Solving a recurrence relation using Z transform


The calculation of the $Z$ transform above is not correct. For example, the equation $$ Z[T(n)-n]=\frac{Z[T(n)]}{z^{n}} $$ is not correct. Instead, you have $$ Z[T(n)-n] = Z[T(n)] - Z[n] = Z[T(n)] - \frac{z}{(1-z)^2} $$ which, when substituted into $$Z[T(n)]=Z[T(n)-n]+\frac{z}{(z-1)^{2}}$$ results in the trivial $$ Z[T(n)]=Z[T(n)]. $$ To obtain a nontrivial equation for $Z[T(n)]$, you have to first express the $Z$ transforms of $T(\lfloor n/4 \rfloor)$ and $T(\lfloor 3n/4 \rfloor)$ in terms of the $Z$ transform of $T(n)$ (taking $T(n)$ here to be an arbitrary sequence), and then use the recurrence to express $Z[T(n)]$ in terms of the $Z$ transforms of $T(\lfloor n/4 \rfloor)$ and $T(\lfloor 3n/4 \rfloor)$, also taking into account the initial values $T(1)=T(2)=T(3)=1$. Although it is possible to do this, the expressions that result are rather complex, so it would be difficult to solve this problem directly using the $Z$ transform.

Using a result of S. Roura ("An improved master theorem for divide-and-conquer recurrences", S. Roura, 1997) it is possible to show that $$ T(n)\sim C_0 n \ln n, \qquad \text{where } C_0=-(\frac 14 \ln \frac 14+\frac 34 \ln \frac 34)^{-1} \approx 1.77829895. $$ Also, a generalized form of the recurrence for $T(n)$ is analyzed by Drmota and Szpankowski in "A master theorem for discrete divide and conquer recurrences", 2011. Their Theorem 2.1 also shows in this case that $T(n)\sim Cn\ln n$ for some constant $C$.

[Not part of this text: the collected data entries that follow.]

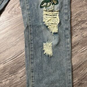 Vintage boho Embroidered Floral Straight Leg Jeans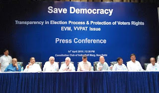 नयी दिल्ली। विपक्षी दलों ने रविवार को ईवीएम में गड़बड़ी को लेकर बैठक की और कहा कि कम से कम 50 प्रतिशत मतदान पर्चियों का मिलान ईवीएम से कराए जाने की मांग को लेकर वे उच्चतम न्यायालय का रुख करेंगे। आंध्र प्रदेश के मुख्यमंत्री चंद्रबाबू नायडू ने बताया कि 21 राजनीतिक दल 50 प्रतिशत मतदान पर्चियों का मिलान ईवीएम से कराए जाने की मांग कर रहे हैं। नायडू ने शनिवार को मुख्य चुनाव आयुक्त सुनील अरोड़ा से मुलाकात कर ईवीएम गड़बड़ी का मामला उठाया था।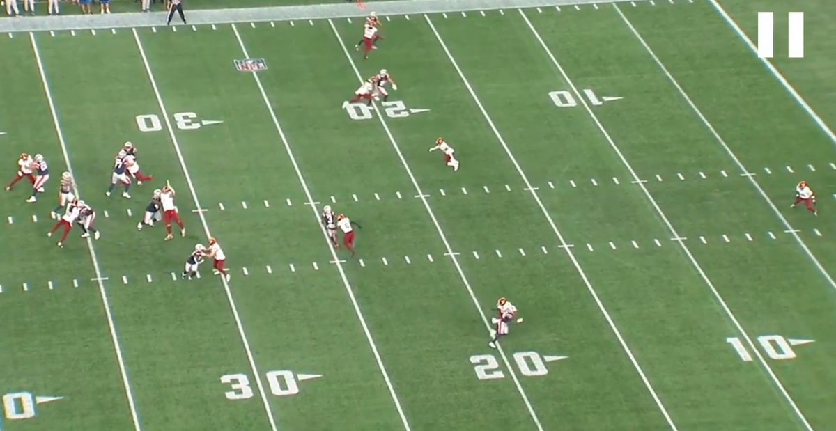Rhamondre Stevenson showed his nifty feet on his 13-yard run that was thanks to a great Garrett Bradbury block. ... TreVeyon Henderson's burst and physicality were real. But I would caution wanting too much too soon for him. The thunder and lightning thing worked pretty well for the Lions last year with David Montgomery and Jahmyr Gibbs. Don't worry, he'll get plenty of touches in a variety of ways. ... Too bad Lan Larison got hurt and is done for the year. He's another guy where the burst was real on film.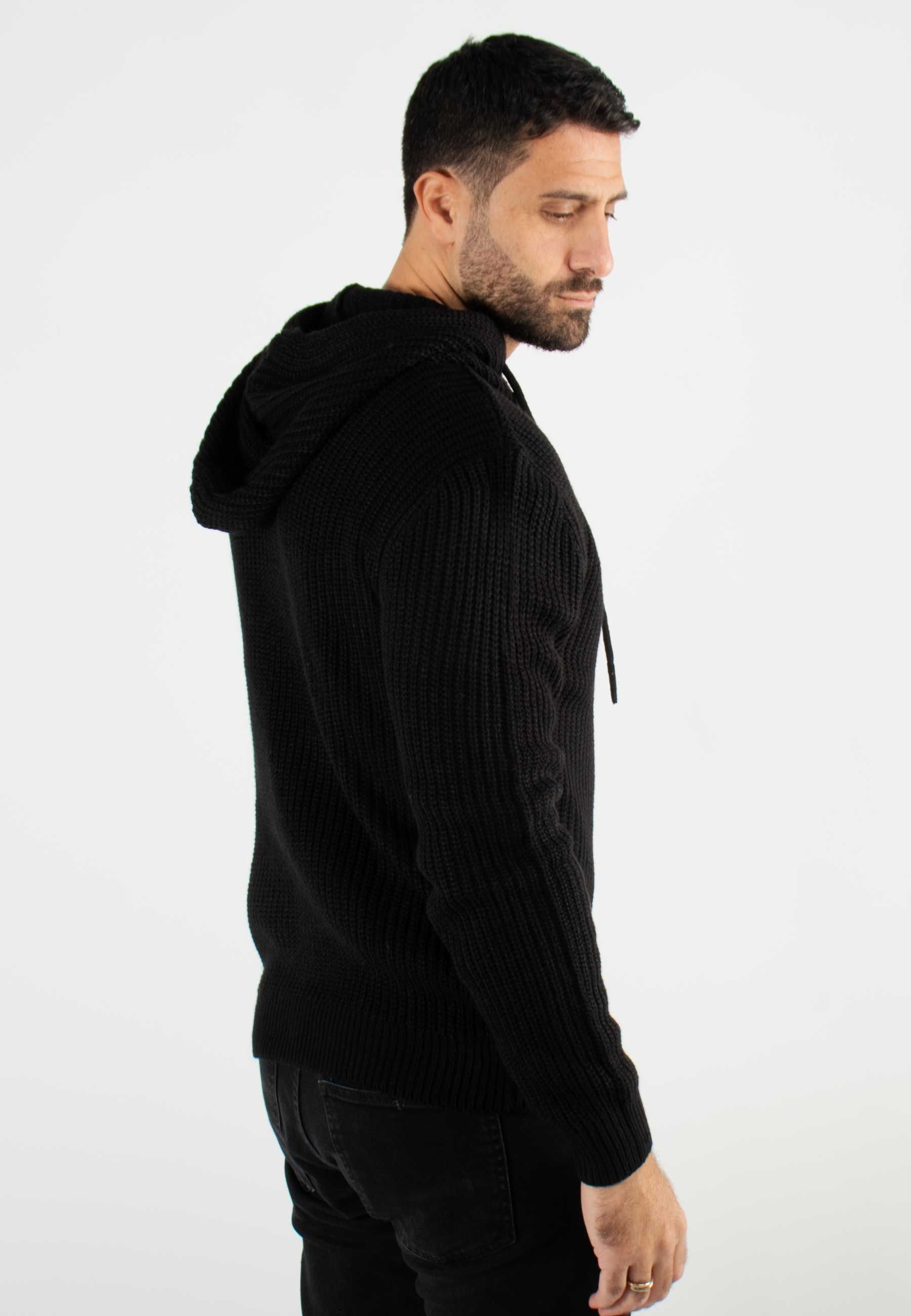 Pull à capuche en maille épaisse noir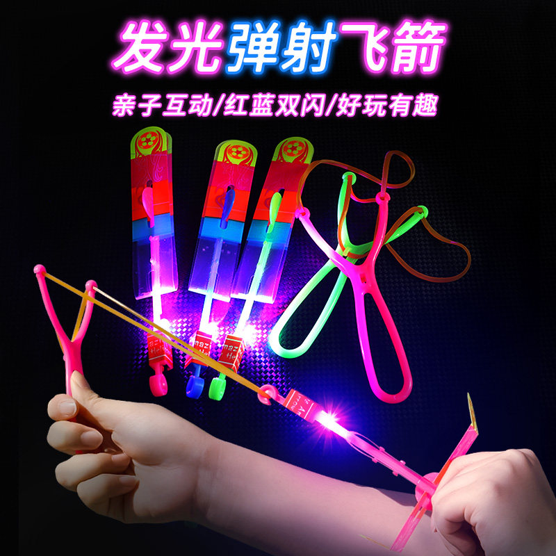 券 2元销量100弹弓飞箭发光冲天小火箭弹射旋转竹蜻蜓飞行器闪夜光儿童户外玩具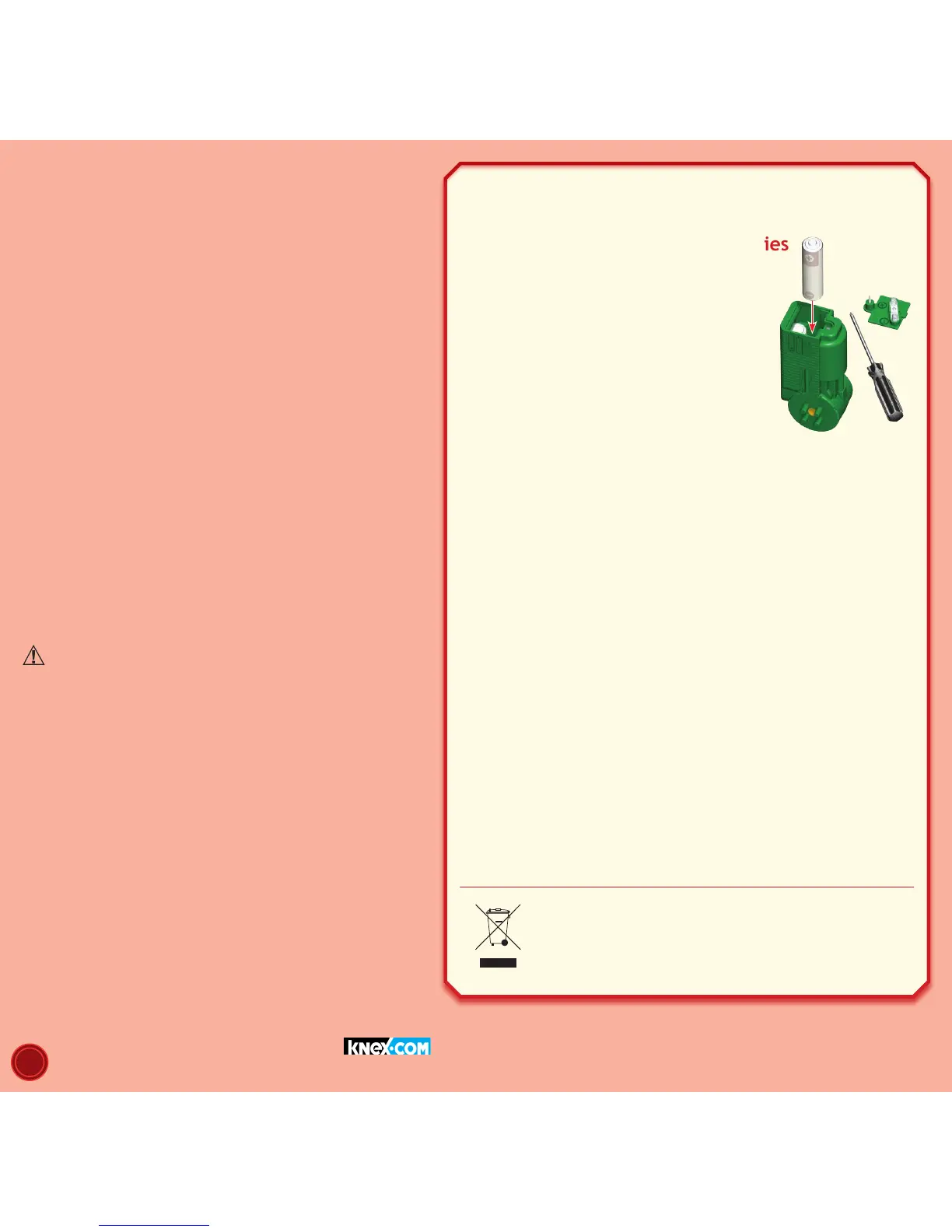• Do not dispose of batteries in a re; they could leak or explode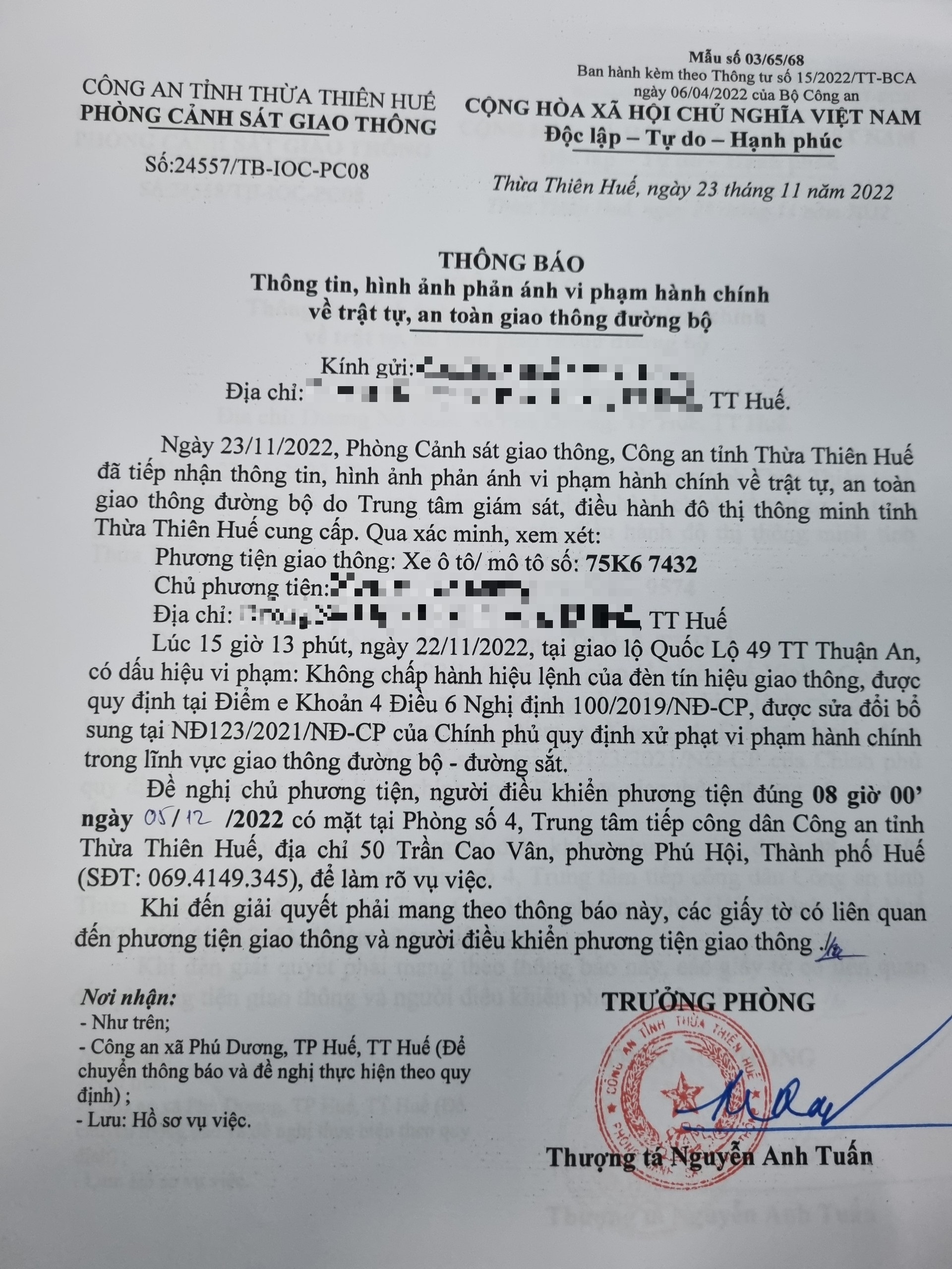 Phòng CSGT đã gửi thông báo, yêu cầu chủ phương tiện đến làm việc theo quy định của pháp luật. Tuy nhiên, đã quá ngày hẹn nhưng chủ phương tiện vẫn chưa đến làm việc theo yêu cầu. Phòng CSGT sẽ tiếp tục thông báo Công an địa phương nơi chủ phương tiện thường trú; đồng thời, thông báo các tổ tuần tra kiểm soát trên địa bàn, trong quá trình làm nhiệm vụ nếu phát hiện sẽ tiến hành dừng xe để xử lý.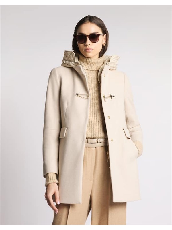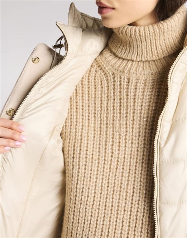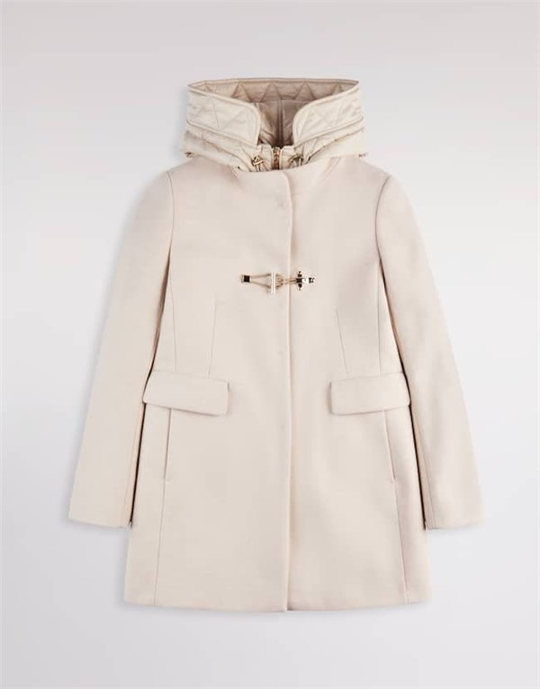 In morbido panno mélange misto lana, con pettorina e cappuccio imbottiti in ovatta tecnica, è dotato di una chiusura con zip, automatici nascosti e alamaro Fay. È caratterizzato da un'etichetta interna con il nome del capo.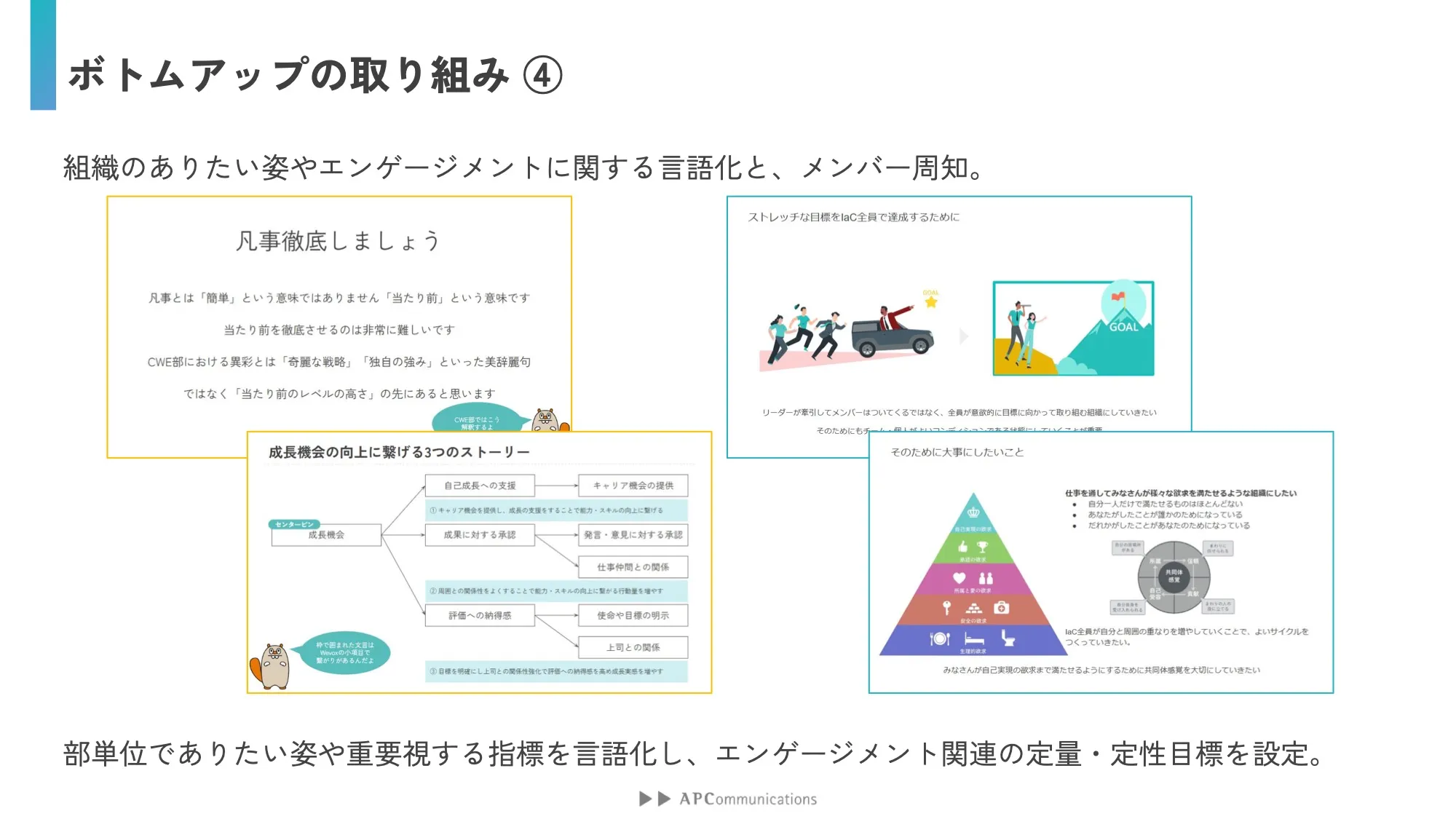 4つ目の取り組みが、組織の「ありたい姿」やエンゲージメントに関する考えを言語化しメンバーに周知・浸透させる営みです。部長や事業部長が、重要視する指標や組織のありたい姿を言語化して、それを社員に直接伝えています。
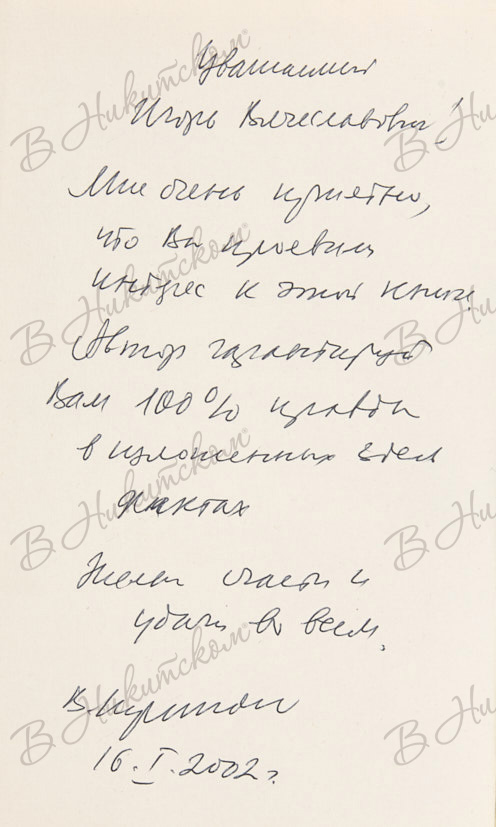правды / в изложенных здесь / фактах / Желаю счастья и / удачи во всем. / В Кирпиченко / 16.I.2002 г.».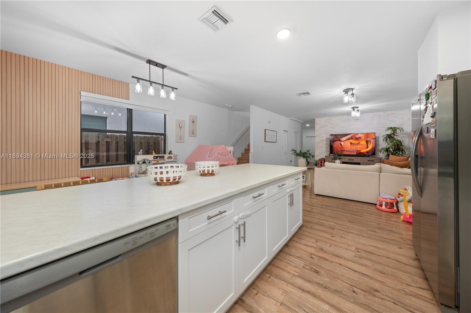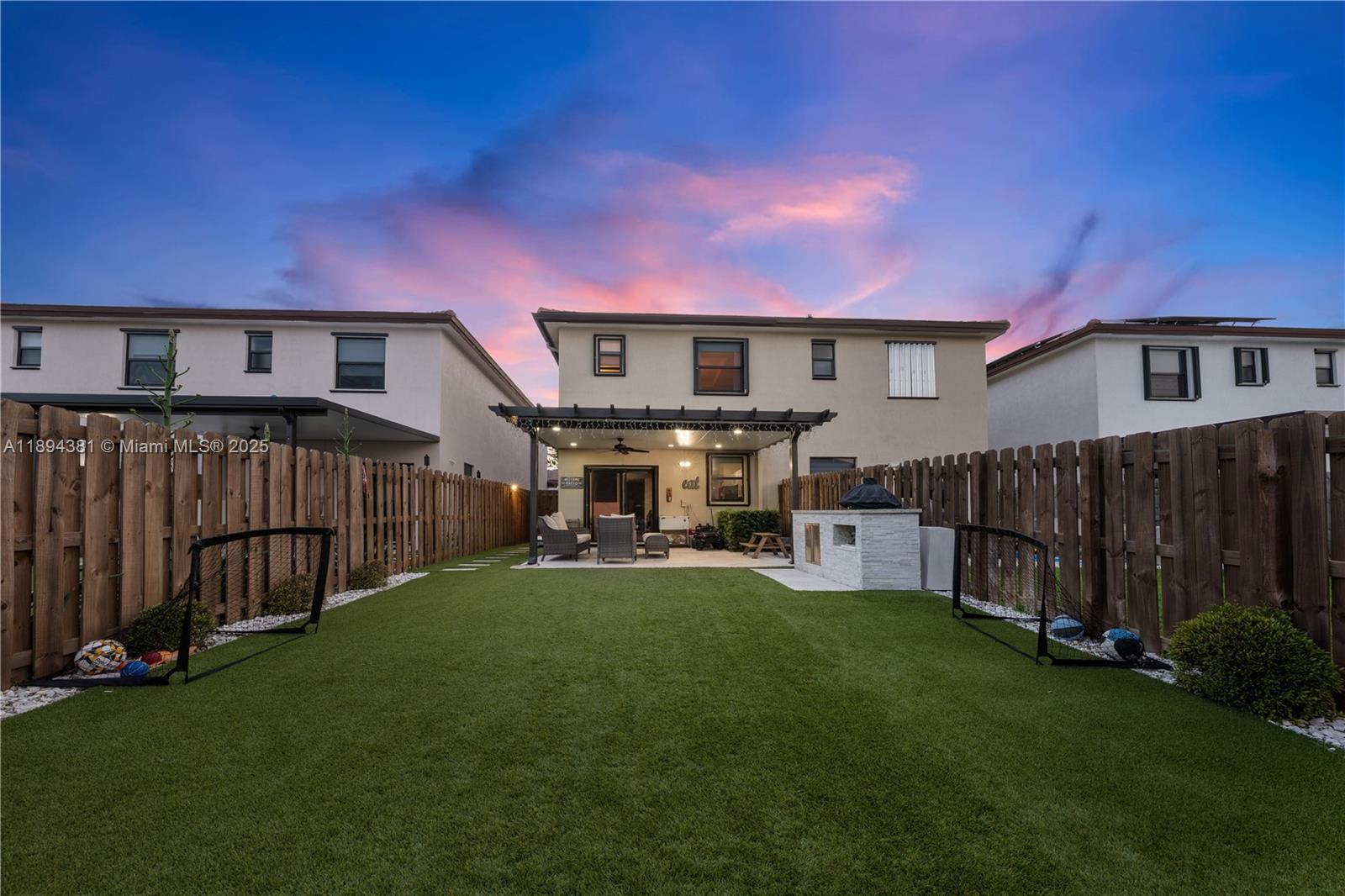 Welcome to this beautiful & well-maintained 3-bedroom, 3-bathroom home that truly has it all! From the moment you arrive, you’ll notice the care and upgrades throughout. The home features accordion shutters for peace of mind, gutters & custom closets in every bedroom. Enjoy clean, refreshing water with the alkaline water filtration system that services the entire house. Both floors have stylish laminate flooring that gives the home a warm and modern feel. The spacious master bathroom has been fully remodeled. Step outside to a stunning backyard that’s perfect for relaxing or entertaining-featuring a beautiful pergola, artificial grass for easy maintenance, & a custom-built grill area ready for weekend barbecues. The private garage also includes a built-in closet for extra storage space.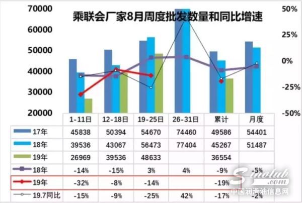值得注意的是,持续双位数跌幅下,8月前三个周期汽车零售量同比下降21%,如果第四周期未有有效改善,超20%的跌幅将成为2019年至今乘用车市场下跌幅度最大的月份。

For $C_0$ as above, it is straightforward to show by induction that $T(n)\le C_0 n\ln n$ for all $n\ge 2$. This can be checked directly for $2\le n\le 7$. Then, if $n\ge8$, \begin{eqnarray*} T(n)&=&T(\lfloor \frac n4 \rfloor)+T(\lfloor \frac{3n}4\rfloor)+n\\ &\le& C_0 (\lfloor \frac n4 \rfloor \ln \lfloor \frac {n}4 \rfloor)+ C_0 (\lfloor \frac{3n}4 \rfloor \ln \lfloor \frac {3n}4 \rfloor)+ n,\\ &\ & \qquad \qquad \text{by the induction hypothesis}\\ &\le& C_0 (\frac n4 \ln \frac {n}4 )+C_0(\frac {3n}4 \ln \frac{3n}4) + n\\ &=& C_0 (\frac n4 \ln n + \frac {3n}4 \ln n + \frac n4 \ln \frac 14 + \frac {3n}4 \ln \frac 34) + n\\ &=& C_0 n \ln n + C_0 ( \frac 14 \ln \frac 14 + \frac {3}4 \ln \frac 34)n + n\\ &=& C_0 n \ln n, \end{eqnarray*} completing the induction.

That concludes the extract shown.